In my last post i discussed some of the sniffing tools, here i am discussing how to use ettercap for sniffing network.
You can use ettercap on any linux platform and it is also available for windows but the stable versions are very less in case of windows. Those who are aware of backtrack, good news is that ettercap comes pre-installed and configured in it.
Open up a console and tye “ettercap -G” (withour quotes)
You will get something like this:
Now, click on Sniff>Unified Sniffing. A Dialog box will pop open, asking for the network interface. Select the one you are using.
You will notice that there are many more options on the top menu bar, for now however, click on hosts>Scan For Hosts. Wait for it to finish.
Now, click on Mitm (Man in the Middle), and select Arp Poisoning, and check the box that says “sniff remote connections”. Click ok.

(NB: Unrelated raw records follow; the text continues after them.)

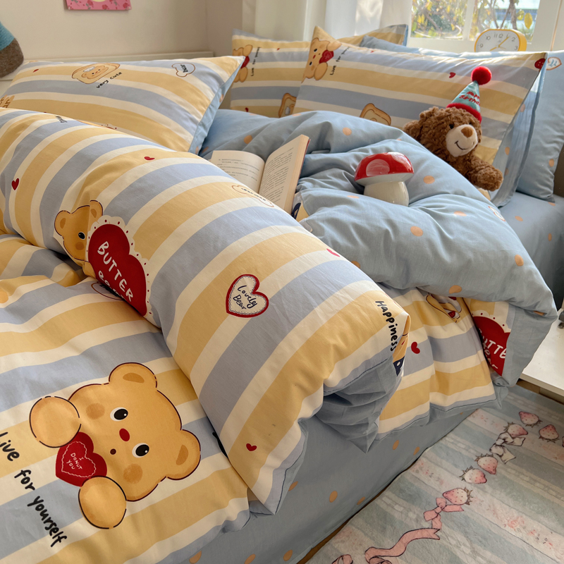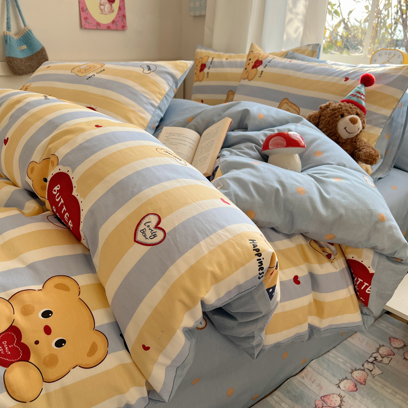 桃喜 2024新款小熊系列全棉卡通ins四件套 吐司小熊
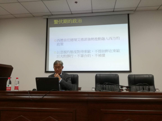 2018年4月27日晚,台湾东海大学历史系胡昌智教授应邀为太阳成集团tyc122cc员工作了一场题为“战后德国的历史反省”的讲座。讲座在江安校区文科楼二区704会议室进行,由太阳成集团tyc122cc吕和应副教授主持。
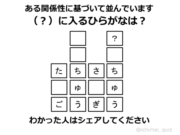 【 #1枚クイズ038 】(?)にあてはまるひらがなは何でしょう?
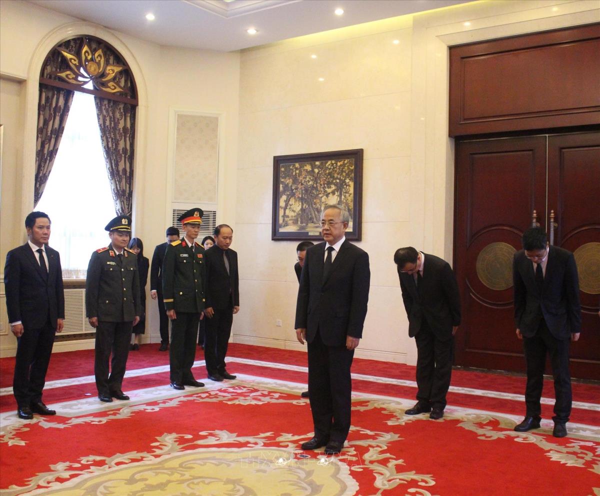 [Photo] Phó Chủ tịch Chính hiệp toàn quốc Trung Quốc đến viếng nguyên Chủ tịch nước Trần Đức Lương
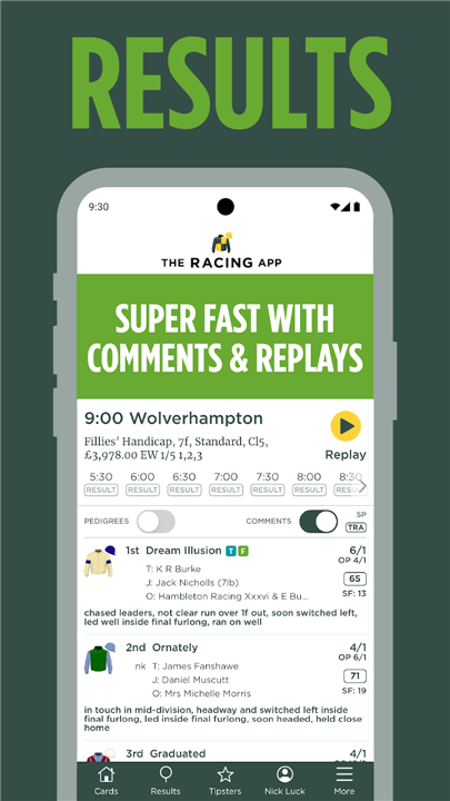 • Fast Results & Live Coverage: Get super-fast race results and enjoy live racing and replays*, vital for timely updates and review.

Alright, now, all you need to do is click on start>start sniffing. Go to another computer on your network and head over to some website where credentials are needed (Email, Forums, Facebook,Myspace etc). Log in and you should see your details come up in Ettercap. To stop sniffing, simple click on Start>Stop Sniffing, and Mitm>Stop Mitm attacks.
Note : Please note that there are ways to secure a network against this, and it isn’t 100% guaranteed to work 100% of the time.